Go to the line with "- Контроль давления" in the material below and copy from there through the line with "二级市场上,截至23日10点", exactly. Pictures are not copied.

RECORDS
"""

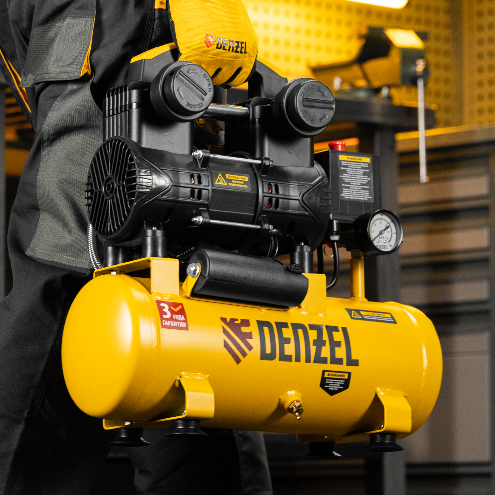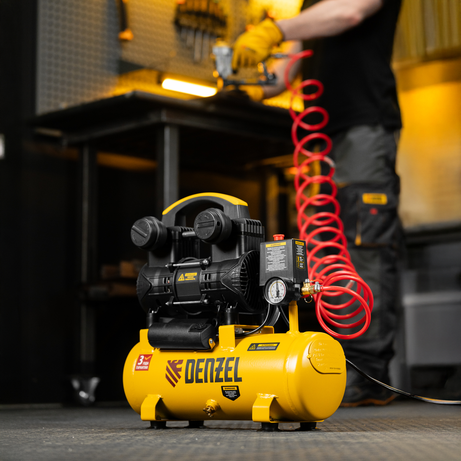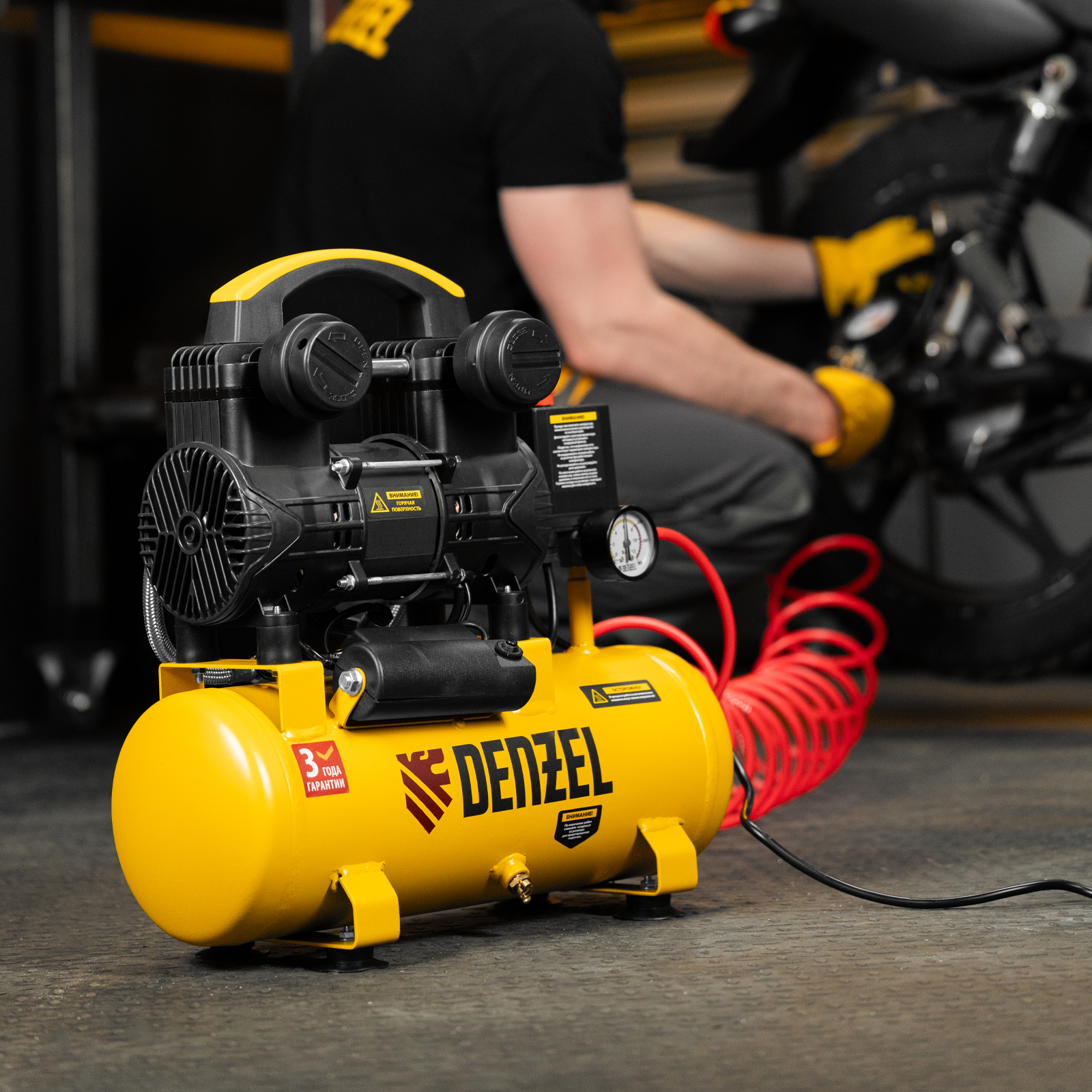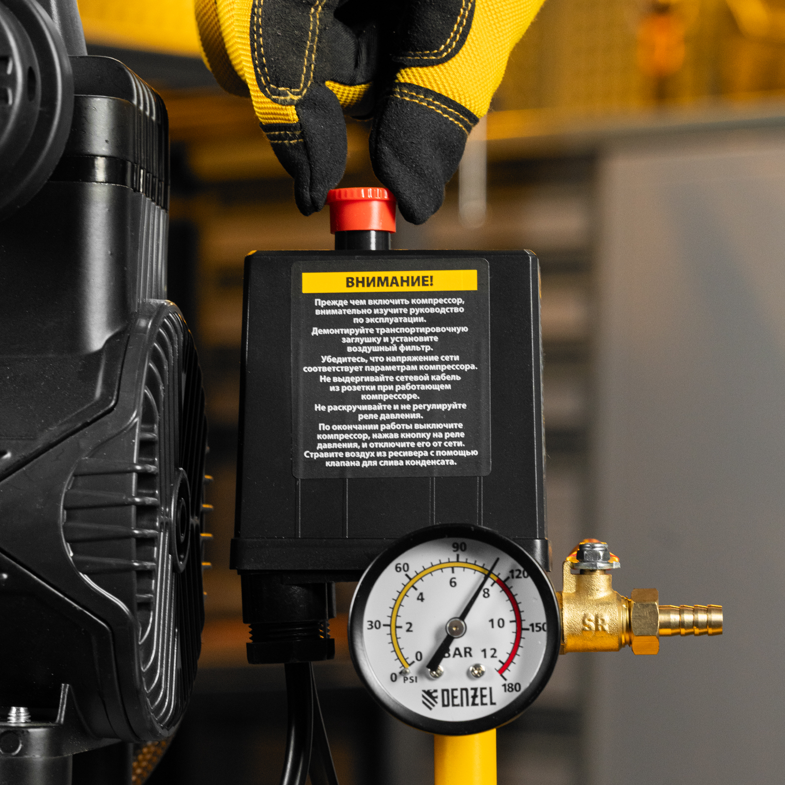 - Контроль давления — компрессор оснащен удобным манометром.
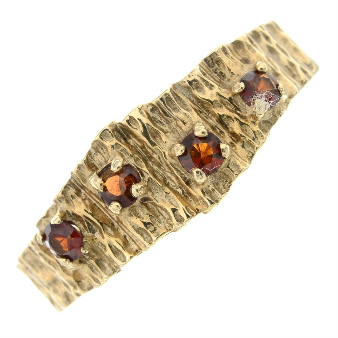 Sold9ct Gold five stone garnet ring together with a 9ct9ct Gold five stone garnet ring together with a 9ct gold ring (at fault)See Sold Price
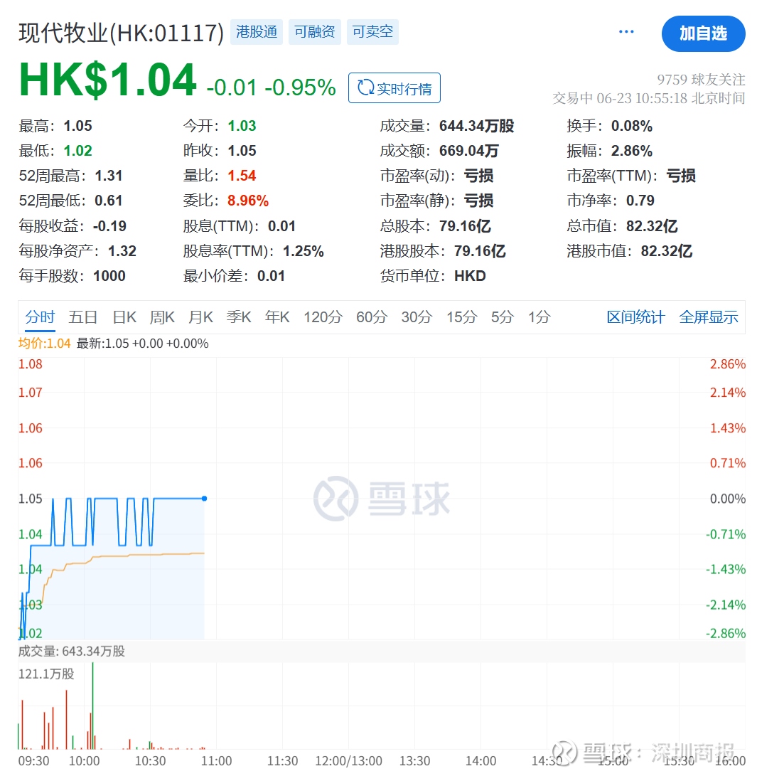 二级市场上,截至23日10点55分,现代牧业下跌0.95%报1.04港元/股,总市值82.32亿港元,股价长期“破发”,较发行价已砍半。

"""
"""

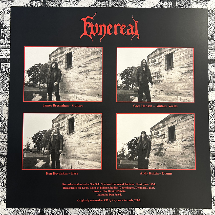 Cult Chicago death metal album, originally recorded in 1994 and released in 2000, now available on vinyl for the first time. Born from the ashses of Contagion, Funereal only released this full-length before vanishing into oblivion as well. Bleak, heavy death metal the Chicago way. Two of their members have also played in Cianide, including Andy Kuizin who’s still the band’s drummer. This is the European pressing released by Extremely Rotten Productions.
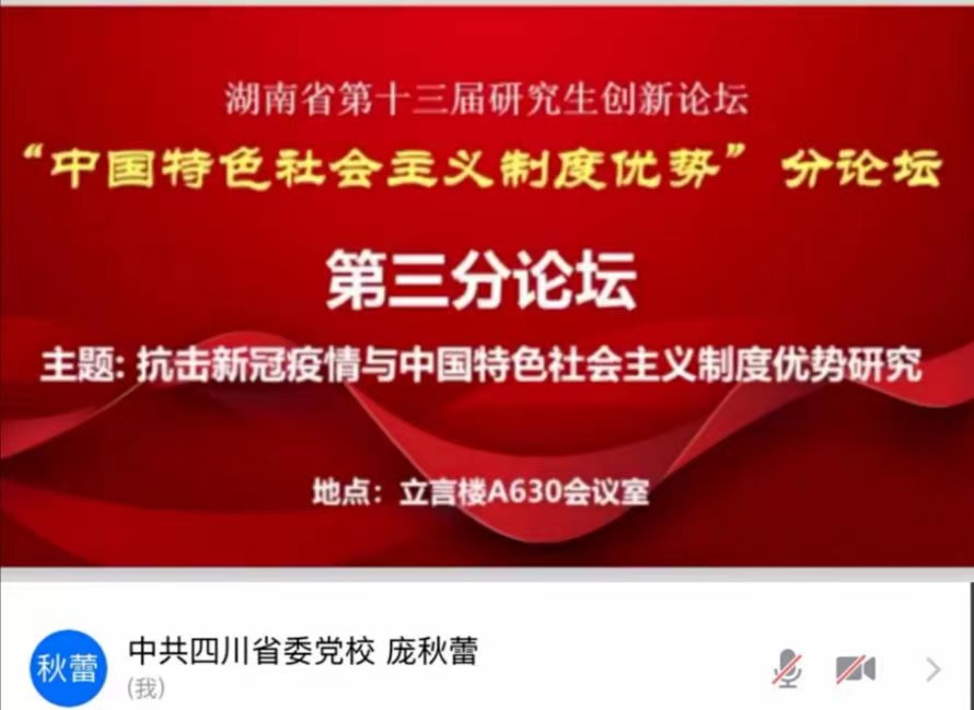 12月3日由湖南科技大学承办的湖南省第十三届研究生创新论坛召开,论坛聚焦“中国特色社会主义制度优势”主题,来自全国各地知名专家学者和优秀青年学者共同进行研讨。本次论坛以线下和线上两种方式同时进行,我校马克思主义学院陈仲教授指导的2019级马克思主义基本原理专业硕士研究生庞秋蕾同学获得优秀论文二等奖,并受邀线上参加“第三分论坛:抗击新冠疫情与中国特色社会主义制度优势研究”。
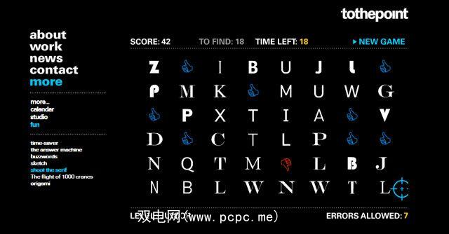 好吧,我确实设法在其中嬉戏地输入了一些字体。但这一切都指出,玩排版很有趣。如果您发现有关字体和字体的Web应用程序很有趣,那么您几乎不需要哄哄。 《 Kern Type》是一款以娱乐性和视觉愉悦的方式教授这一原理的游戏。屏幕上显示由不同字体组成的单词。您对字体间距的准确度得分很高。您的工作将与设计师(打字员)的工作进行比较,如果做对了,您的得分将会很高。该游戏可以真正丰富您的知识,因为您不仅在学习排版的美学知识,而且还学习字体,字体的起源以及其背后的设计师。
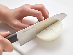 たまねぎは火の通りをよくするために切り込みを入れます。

"""

THE COMPLETED TASK
 - Контроль давления — компрессор оснащен удобным манометром.
 Sold9ct Gold five stone garnet ring together with a 9ct9ct Gold five stone garnet ring together with a 9ct gold ring (at fault)See Sold Price
 二级市场上,截至23日10点55分,现代牧业下跌0.95%报1.04港元/股,总市值82.32亿港元,股价长期“破发”,较发行价已砍半。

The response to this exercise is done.